━━ INFORMATION SHOWN ━━

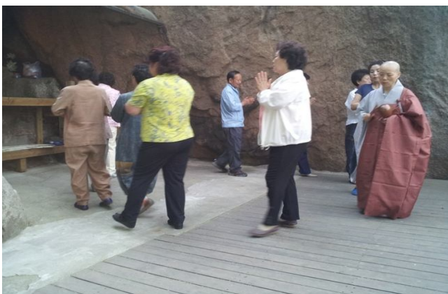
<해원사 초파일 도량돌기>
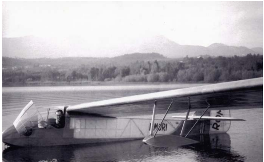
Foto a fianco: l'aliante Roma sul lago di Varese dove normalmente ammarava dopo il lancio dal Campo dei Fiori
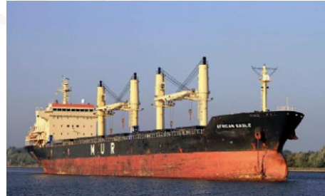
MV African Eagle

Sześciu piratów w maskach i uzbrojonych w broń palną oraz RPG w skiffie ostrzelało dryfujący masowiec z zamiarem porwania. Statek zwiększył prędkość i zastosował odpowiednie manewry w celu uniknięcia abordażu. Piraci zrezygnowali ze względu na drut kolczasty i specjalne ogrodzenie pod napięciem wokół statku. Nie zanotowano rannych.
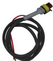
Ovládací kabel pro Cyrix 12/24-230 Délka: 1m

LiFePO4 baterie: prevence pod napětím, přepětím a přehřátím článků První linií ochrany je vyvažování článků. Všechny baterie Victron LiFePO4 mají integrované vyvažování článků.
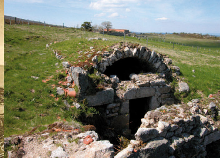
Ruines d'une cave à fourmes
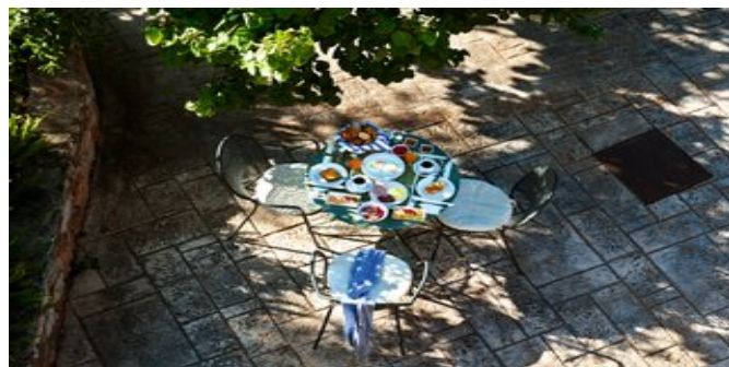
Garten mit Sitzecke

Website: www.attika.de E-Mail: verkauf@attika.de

━━━
━━ INFORMATION SHOWN ━━

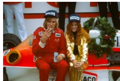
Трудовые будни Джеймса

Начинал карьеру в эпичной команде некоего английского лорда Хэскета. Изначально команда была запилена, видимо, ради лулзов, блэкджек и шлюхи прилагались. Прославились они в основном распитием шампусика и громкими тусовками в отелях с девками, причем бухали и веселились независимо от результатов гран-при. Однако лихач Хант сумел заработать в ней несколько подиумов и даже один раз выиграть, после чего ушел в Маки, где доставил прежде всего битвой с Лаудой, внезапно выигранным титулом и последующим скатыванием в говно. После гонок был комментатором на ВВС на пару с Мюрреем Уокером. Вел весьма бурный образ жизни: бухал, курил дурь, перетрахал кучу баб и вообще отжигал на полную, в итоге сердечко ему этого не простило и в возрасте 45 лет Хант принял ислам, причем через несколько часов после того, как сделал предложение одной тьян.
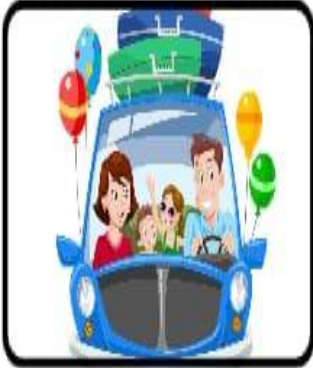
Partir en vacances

━━━

**REQUIREMENT**. Could you output exactly the lines above, from the line with "Ovládací kabel pro Cyrix 12/24-230 Délka: 1m" up to and including the line with "Website: www.attika.de E-Mail: verkauf@attika.de", and nothing else, skipping the pictures?

**FINAL ANSWER**.
Ovládací kabel pro Cyrix 12/24-230 Délka: 1m

LiFePO4 baterie: prevence pod napětím, přepětím a přehřátím článků První linií ochrany je vyvažování článků. Všechny baterie Victron LiFePO4 mají integrované vyvažování článků.
Ruines d'une cave à fourmes
Garten mit Sitzecke

Website: www.attika.de E-Mail: verkauf@attika.de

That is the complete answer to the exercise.